Submitted by Annie Farrell,
Bright Hope Team Member
Last week, I took a vacation from the poor.
It’s hard for me to even write that sentence, but it’s the truth. My husband and I had planned carefully for a full week off to travel to Michigan. We put it on the staff calendar, socked some money away and packed our bags with excitement. It had been several years since we had a “real” vacation, and we were looking forward to it.
We had a beautiful time visiting family, sleeping late, eating out, walking along clean, beautiful beaches and doing a lot of nothing.
While I did spend a little time on a few family laptops (mostly checking email and downloading photos), I found myself actively avoiding BBC World News and other places that would bring me face to face with what we see every day here at Bright Hope…
The starving children with their wide eyes and raggedy clothes, the refugee families living in cramped, unsanitary camps… the devastation of families living through the cyclone in Myanmar… the earthquake victims in China … It’s as if I couldn’t bear to look at them, just for a week…
And even though I knew this, of course, it struck me in a new way, that the poor — the people I get to serve in my job here at Bright Hope, never ever “get a vacation” from the poverty and desperation they live under. They never have a reprieve from the daily struggle to come up with a few bites of food, or shelter from the rain, wind or sand. Most of them will never in their lives stroll a clean, safe beach and stop for a cold drink or an ice cream cone.
Most will never ever wake up in a clean, safe hotel room, take a long hot shower and then saunter downstairs for breakfast. They’ll never wake up with absolutely nothing pressing on their mind for the day, and the freedom to go where they want, when they want, and how they want.
I enjoyed my time off. I do believe it allowed me to refresh my spirit, my soul and my marriage and I thank God and Bright Hope for providing it for me.
But I came back to my desk here this Monday feeling an incredible sense of “privilege” that I get to be one of the people here who serves the poor, in my own small way. Our team here starts our day with morning prayer, praying for our partners overseas — the people in country who are face to face with the unrelenting daily needs of their families, communities and villages. Then we ask God to show us how to serve them best - how to raise support, how to develop programs and campaigns to engage people here in our own country, and how to create new and challenging opportunities for more people to partner with us in reaching people who desperately need our help.
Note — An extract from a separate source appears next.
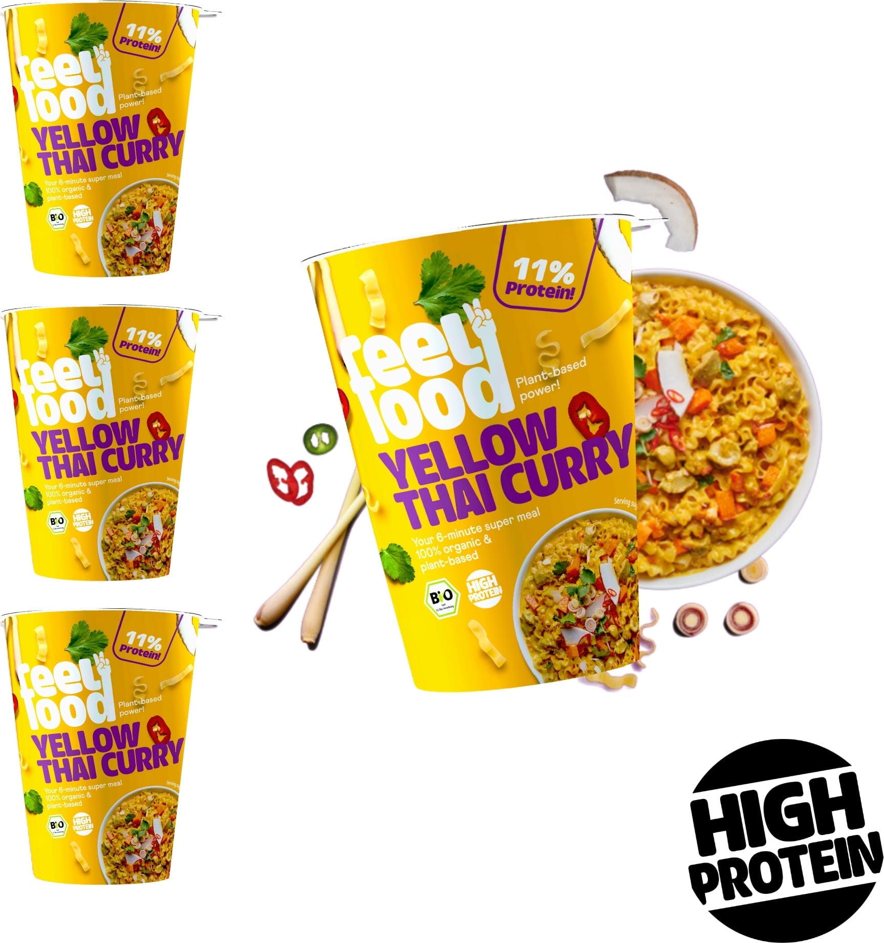 Feel Food BIO Instant Lunch - Yellow Thai Curry, 4 Stk

I would not want to be any other place than where I am right here, as part of this team. Before I got here, I knew about the poor. I had been to places like Russia and Cambodia, on short term trips, to “catch the vision” of serving the poor. And now, I am trying to share that vision with everyone I meet.
But I’ve changed since I got here. I can’t forget the poor any more. They have become part of my mind, my heart, my spirit, my soul. And I thank God for that. I wouldn’t want it any other way.
Today I met with my fellow team members. We made plans to get help to the people of Myanmar and a few other places in very desperate need. It’s good to be back.